* _TASK_
Once you find the line with "关于卡通、怪兽的简笔画,炸鸡怪兽卡通简笔画画法步骤。" in the entries below, return exactly every line from it through the line with "8 ก.พ. ได้เลือกตั้ง".

* _PROVIDED INFORMATION_
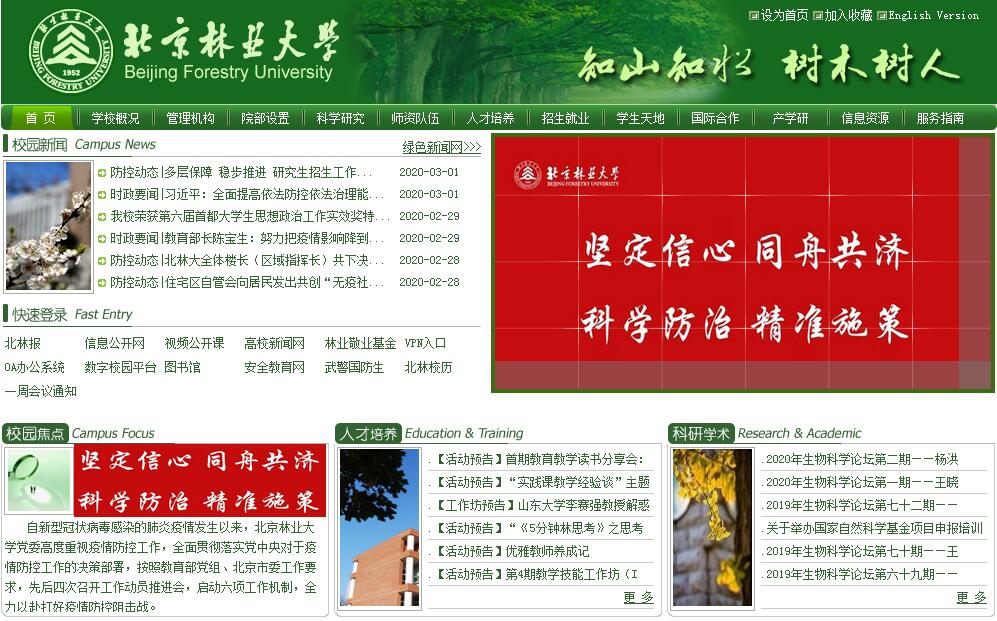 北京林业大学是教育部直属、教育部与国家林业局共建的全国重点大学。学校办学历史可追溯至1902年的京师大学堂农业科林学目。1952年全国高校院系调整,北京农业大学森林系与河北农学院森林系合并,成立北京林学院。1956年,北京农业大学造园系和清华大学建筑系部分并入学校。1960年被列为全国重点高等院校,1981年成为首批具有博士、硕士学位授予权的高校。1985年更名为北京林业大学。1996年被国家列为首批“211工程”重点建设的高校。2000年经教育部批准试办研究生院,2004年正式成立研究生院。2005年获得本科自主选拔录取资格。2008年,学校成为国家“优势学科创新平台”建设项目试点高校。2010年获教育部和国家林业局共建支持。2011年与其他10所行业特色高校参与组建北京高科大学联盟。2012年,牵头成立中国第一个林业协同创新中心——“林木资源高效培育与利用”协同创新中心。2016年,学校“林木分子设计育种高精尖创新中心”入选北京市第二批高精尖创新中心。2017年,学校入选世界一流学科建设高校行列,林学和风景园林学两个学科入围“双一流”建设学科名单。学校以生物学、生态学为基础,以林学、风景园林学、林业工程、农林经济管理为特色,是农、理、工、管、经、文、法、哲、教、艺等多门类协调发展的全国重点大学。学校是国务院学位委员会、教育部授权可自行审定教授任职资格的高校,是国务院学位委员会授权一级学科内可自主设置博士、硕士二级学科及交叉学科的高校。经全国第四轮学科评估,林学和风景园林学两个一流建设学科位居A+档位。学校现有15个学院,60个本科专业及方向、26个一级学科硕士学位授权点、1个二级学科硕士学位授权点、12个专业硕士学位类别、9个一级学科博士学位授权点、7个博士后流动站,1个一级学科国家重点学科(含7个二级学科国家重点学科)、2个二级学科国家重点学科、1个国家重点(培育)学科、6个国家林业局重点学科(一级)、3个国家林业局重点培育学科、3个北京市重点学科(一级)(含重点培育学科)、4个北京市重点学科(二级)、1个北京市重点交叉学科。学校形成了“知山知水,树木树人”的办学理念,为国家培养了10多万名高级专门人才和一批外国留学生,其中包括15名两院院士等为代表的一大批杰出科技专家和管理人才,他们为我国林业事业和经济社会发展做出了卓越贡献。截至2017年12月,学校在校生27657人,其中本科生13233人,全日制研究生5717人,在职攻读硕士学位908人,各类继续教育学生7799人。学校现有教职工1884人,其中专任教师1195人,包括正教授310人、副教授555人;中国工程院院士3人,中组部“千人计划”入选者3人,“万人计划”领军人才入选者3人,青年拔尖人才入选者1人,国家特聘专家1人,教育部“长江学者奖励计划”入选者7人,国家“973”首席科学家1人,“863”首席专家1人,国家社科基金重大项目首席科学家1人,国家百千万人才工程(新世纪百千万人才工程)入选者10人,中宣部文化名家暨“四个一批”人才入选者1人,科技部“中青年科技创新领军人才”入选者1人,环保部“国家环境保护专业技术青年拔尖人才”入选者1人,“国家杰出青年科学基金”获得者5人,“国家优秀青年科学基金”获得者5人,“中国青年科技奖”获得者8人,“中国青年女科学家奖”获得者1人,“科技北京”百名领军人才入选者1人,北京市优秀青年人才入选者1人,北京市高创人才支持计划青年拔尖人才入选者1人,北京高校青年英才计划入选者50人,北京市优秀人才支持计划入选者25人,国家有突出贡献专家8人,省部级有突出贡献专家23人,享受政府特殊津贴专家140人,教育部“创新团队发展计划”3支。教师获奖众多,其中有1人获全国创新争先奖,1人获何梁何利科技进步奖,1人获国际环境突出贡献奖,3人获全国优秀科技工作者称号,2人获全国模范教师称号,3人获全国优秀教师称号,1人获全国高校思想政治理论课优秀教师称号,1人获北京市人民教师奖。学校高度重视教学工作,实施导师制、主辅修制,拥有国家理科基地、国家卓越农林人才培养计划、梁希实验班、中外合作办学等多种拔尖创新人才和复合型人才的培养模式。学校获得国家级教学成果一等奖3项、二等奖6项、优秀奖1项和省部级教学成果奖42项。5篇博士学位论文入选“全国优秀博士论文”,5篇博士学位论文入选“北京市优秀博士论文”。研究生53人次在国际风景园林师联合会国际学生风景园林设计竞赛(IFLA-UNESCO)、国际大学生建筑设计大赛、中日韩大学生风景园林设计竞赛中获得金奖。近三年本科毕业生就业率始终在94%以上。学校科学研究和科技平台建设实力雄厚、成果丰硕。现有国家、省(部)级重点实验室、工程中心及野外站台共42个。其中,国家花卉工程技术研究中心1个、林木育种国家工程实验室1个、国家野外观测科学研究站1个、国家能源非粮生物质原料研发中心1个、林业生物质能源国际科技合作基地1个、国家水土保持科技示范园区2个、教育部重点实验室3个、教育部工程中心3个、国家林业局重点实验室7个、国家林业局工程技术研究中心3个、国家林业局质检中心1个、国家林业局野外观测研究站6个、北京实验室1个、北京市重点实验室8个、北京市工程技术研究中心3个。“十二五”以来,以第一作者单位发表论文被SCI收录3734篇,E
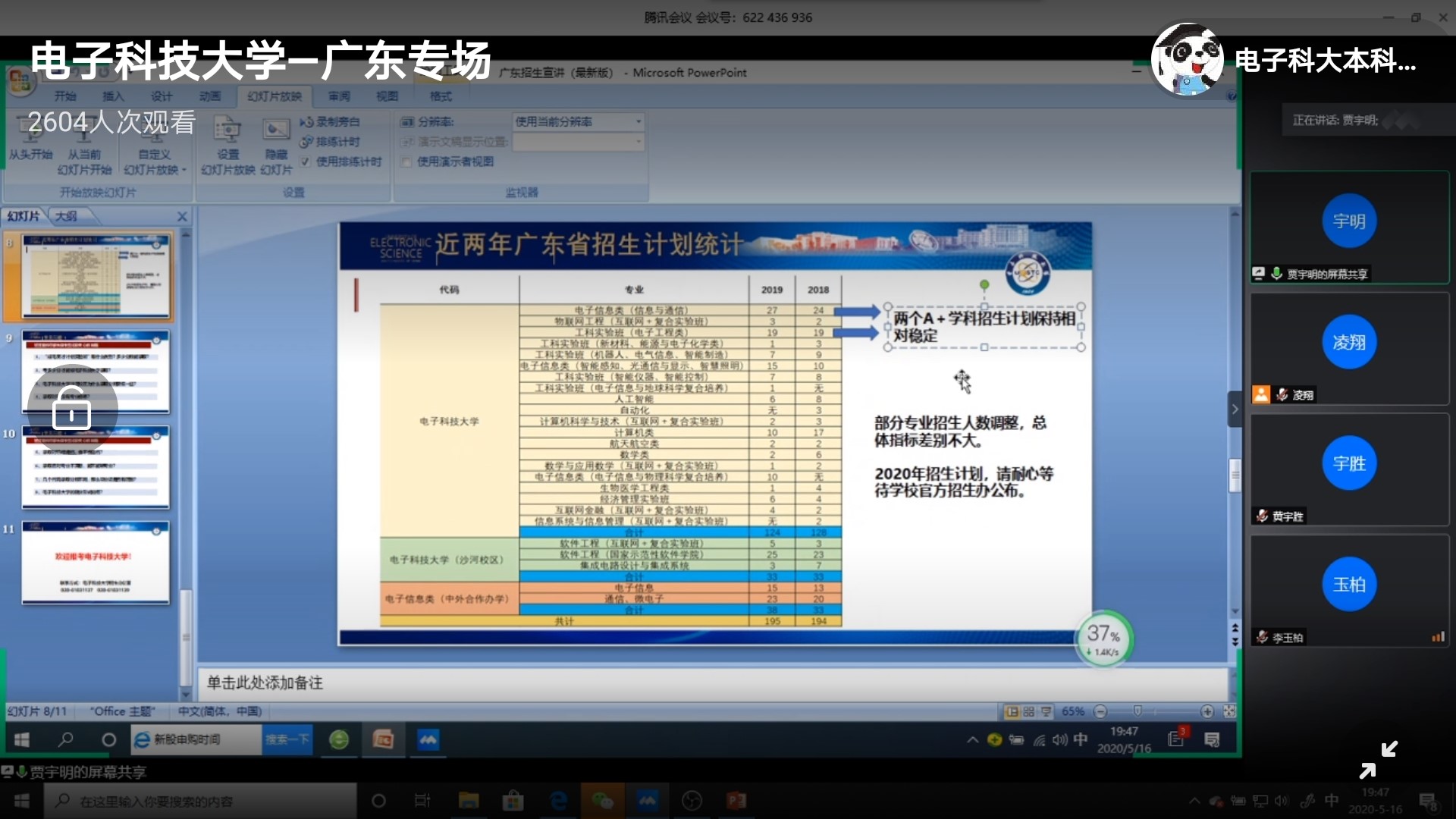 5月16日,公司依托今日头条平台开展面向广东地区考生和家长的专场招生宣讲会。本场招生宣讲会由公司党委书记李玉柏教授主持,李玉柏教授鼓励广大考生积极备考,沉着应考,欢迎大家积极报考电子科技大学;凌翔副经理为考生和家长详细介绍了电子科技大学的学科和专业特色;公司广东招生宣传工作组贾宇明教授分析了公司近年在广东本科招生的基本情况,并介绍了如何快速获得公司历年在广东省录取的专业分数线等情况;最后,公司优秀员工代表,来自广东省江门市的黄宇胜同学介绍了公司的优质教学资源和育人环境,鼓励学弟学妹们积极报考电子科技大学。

* * *

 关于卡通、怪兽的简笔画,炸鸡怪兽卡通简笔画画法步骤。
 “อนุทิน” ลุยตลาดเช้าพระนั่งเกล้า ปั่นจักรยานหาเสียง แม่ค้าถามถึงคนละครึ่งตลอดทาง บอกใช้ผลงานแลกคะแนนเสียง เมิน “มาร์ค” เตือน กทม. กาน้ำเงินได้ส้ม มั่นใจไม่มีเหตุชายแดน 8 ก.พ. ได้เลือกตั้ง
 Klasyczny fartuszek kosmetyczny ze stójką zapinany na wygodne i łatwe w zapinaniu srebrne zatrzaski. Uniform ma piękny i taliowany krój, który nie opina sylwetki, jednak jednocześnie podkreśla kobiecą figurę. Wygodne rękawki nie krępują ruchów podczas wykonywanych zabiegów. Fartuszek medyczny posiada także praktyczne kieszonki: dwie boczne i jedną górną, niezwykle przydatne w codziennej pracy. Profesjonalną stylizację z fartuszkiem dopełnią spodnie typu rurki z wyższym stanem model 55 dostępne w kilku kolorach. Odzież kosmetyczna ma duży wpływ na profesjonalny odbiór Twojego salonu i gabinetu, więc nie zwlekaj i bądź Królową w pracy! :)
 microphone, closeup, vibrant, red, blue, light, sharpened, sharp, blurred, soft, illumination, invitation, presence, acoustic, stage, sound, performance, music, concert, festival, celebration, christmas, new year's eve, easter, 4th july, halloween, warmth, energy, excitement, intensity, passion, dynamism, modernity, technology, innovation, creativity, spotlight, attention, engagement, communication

* _REPLY TO THE EXERCISE_
 关于卡通、怪兽的简笔画,炸鸡怪兽卡通简笔画画法步骤。
 “อนุทิน” ลุยตลาดเช้าพระนั่งเกล้า ปั่นจักรยานหาเสียง แม่ค้าถามถึงคนละครึ่งตลอดทาง บอกใช้ผลงานแลกคะแนนเสียง เมิน “มาร์ค” เตือน กทม. กาน้ำเงินได้ส้ม มั่นใจไม่มีเหตุชายแดน 8 ก.พ. ได้เลือกตั้ง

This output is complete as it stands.